Saturday, January 31, 2015

Icahn, union spar in Taj fight flare-ups



Trump Taj Mahal Casino Resort will close if its main union wins a federal appeal aimed at restoring worker benefits, Wall Street investor Carl Icahn said Friday, a day after the National Labor Relations Board backed the union.


Icahn, the bankrupt casino’s main lender and de facto owner, did not return a call for comment Friday.
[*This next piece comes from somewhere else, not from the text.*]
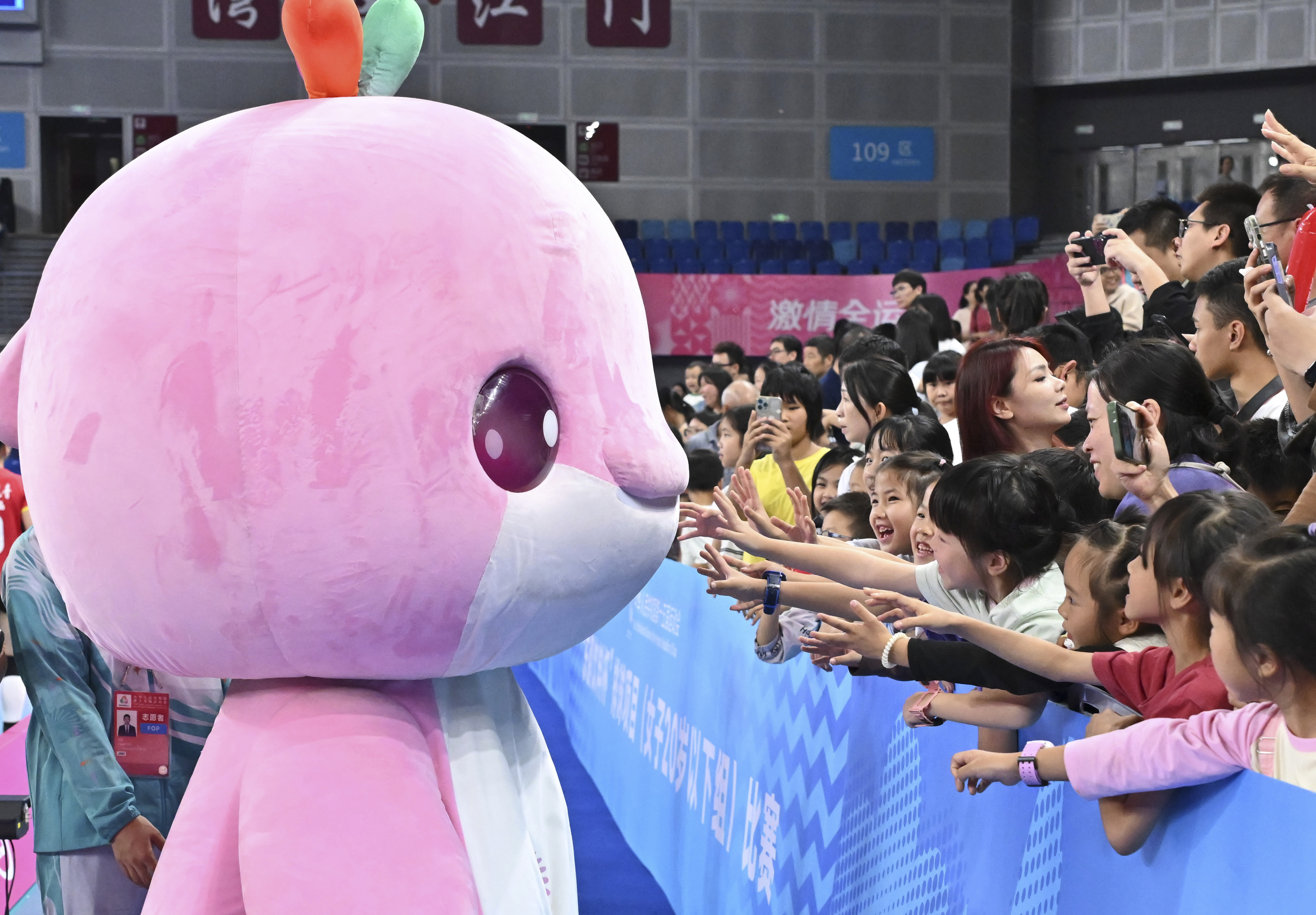 吉祥物“乐融融”赛后与观众互动。新华社发 南方+ 张由琼 拍摄

But in an open letter to union workers who protested outside his New York City office on Thursday, he said union leaders “do not seem to care that if they win the appeal it will only mean the loss of the very jobs they are supposed to protect.”

The National Labor Relations Board backed the union, Local 54 of UNITE-HERE, in a brief filed with the Third U.S. Circuit Court of Appeals on Thursday, calling on the court to reverse an October ruling that gave the casino the go-ahead to stop paying into union health and pension funds.

In the filing, the federal agency said that ruling "displaces the Board’s primary authority" to handle the dispute under the National Labor Relations Act.

Trump Entertainment Resorts, Taj’s bankrupt parent, won approval from U.S. Bankruptcy Judge Kevin Gross in October to make sweeping benefit changes for about 1,100 Local 54 workers at Taj, telling Gross that the changes will save the company $14.6 million annually.

Local 54 president Bob McDevitt said Friday that Icahn, who owns Tropicana Casino and Resort, is a union-busting mercenary who has stripped Taj employees of the very benefits that make casino jobs worth working.

“They took away a paid meal break. They took their health care. They took their pension,” he said. Now, working at Taj is “like McDonald’s,” he said.

But McDevitt said he is confident that the union will prevail in the Third Circuit.

“When the federal government intervenes with an amicus curiae brief on your behalf, that’s a very powerful statement,” he said Friday, using the Latin term for “friend of the court,” the type of advisory brief submitted by the NLRB.

He declined to discuss whether future protests or a full-on strike at Taj, which employs about 2,400, are in the offing. “We’re focused on Mr. Icahn’s businesses. Not just in Atlantic City, but everywhere,” he said.